MICROBIAL ECOLOGY: APPROACH AND PROBLEMS

The first observations of bacterial populations in the deep sea were made in 1882 and 1883 during the cruises of the ‘Travailleur’ and ‘Talisman’ (Certes, 1884). Although observations continued to be made, no data became available on rates of deep-sea bacterial metabolism until the early 1950s. Morita & Zobell (1955) and Zobell and Morita (1957) demonstrated that bacterial activity in deep-sea sediments was very low. This was not thought surprising as the low temperature, high pressure and low nutrient levels known to occur in the deep sea did not present a particularly favourable milieu for bacterial growth. All bacterial activity in the deep sea (with the exception of chemosynthesis which is limited to hydrothermal vents and sulphide-rich cold seeps – see Chapter 15) is heterotrophic, requiring an energy source in the form of organic matter ultimately derived from surface production.
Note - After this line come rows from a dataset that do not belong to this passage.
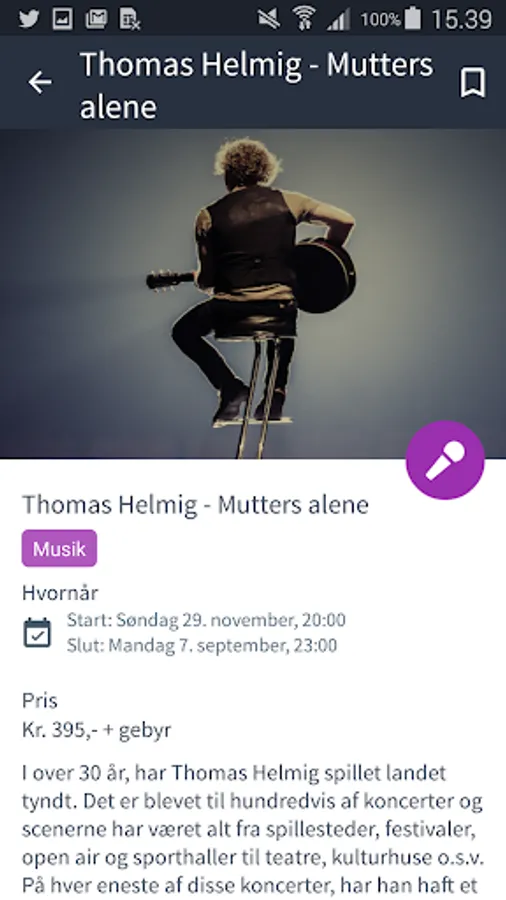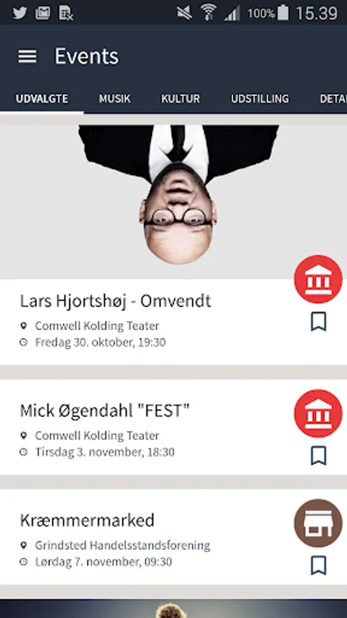Pindle is an event app that gathers information about upcoming events, places and offers in your local area and in several of Denmark's major cities, including Odense, Copenhagen, Kolding and Vejle. Use the user-friendly app when you need to find your next concert, theater performance, boot market or something else, or get inspired by our proposals for events near you.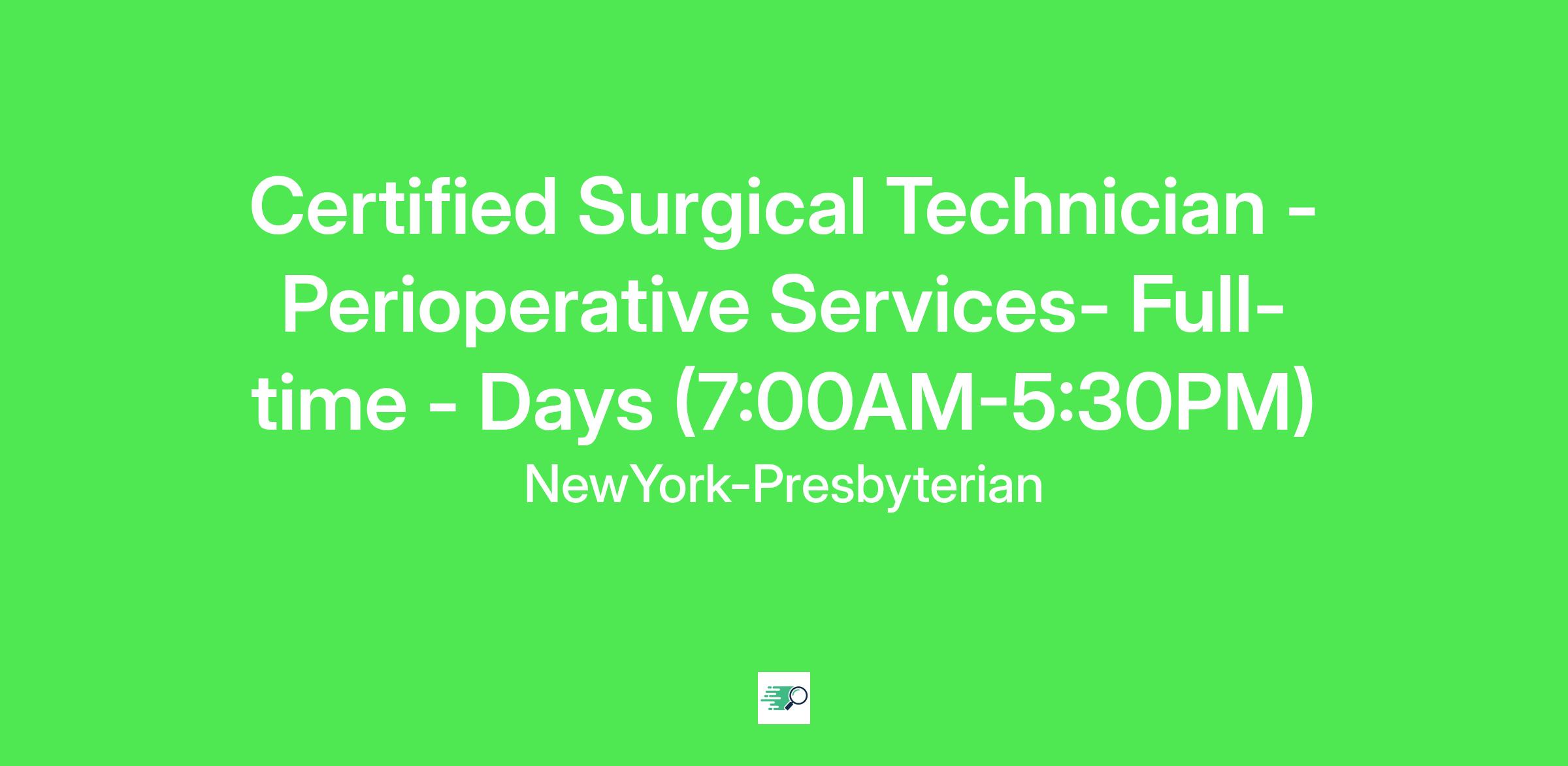 Certified Surgical Technician - Perioperative Services- Full-time - Days (7:00AM-5:30PM)
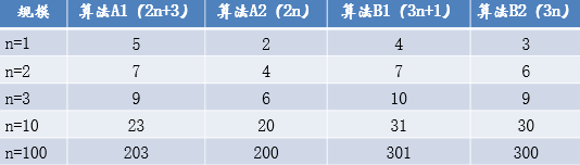 假设两个算法的输入规模都是n, 算法A要做2n+3次操作,即:先执行n次的循环,执行完成后再有一个n次的循环,最后有3次运算。 算法B要做3n+1次操作,理解同上 哪一个更快些?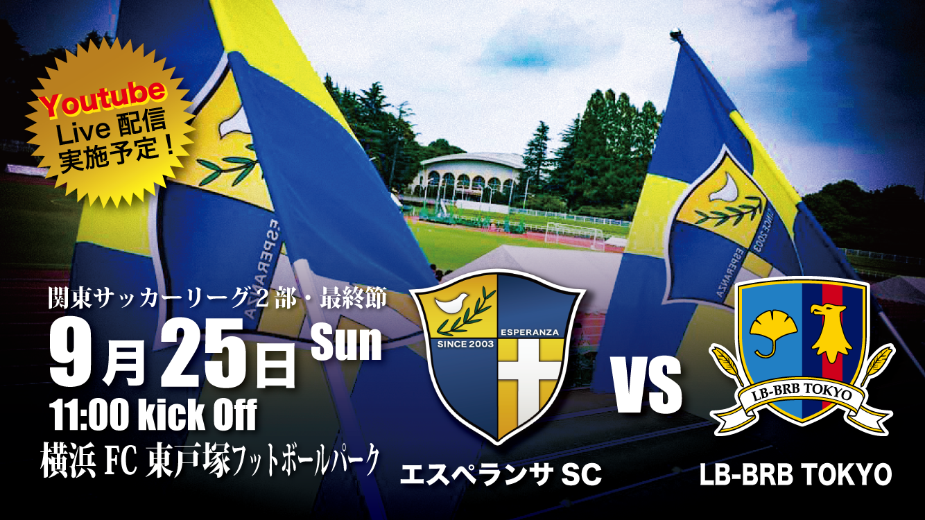 エスペランサSCは、日本工学院グラウンドにて関東サッカーリーグ最終節の試合を戦います。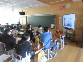 学校薬剤師による薬物乱用防止教室を開きました。インフルエンザ等の罹患者が増加していたため、感染症対策としてオンラインでの実施となりました。各教室で真剣に話を聞く姿が見られました。 |

In the last 20 years there has been a great effort in understanding the bacterial ecology of the deep sea. This effort was stimulated by two unrelated events. The first was the accidental sinking of the submersible ‘Alvin’. The submersible was swamped by a wave on launching. The crew escaped but left behind their lunch which consisted of bouillon, bologna sandwiches and apples. When ‘Alvin’ was recovered one year later, the scientists were amazed to find the food was still in good condition (see photograph in Jannasch, 1978) within the flooded pressure sphere, but it soon rotted even in a refrigerator at atmospheric pressure (Jannasch et al., 1970).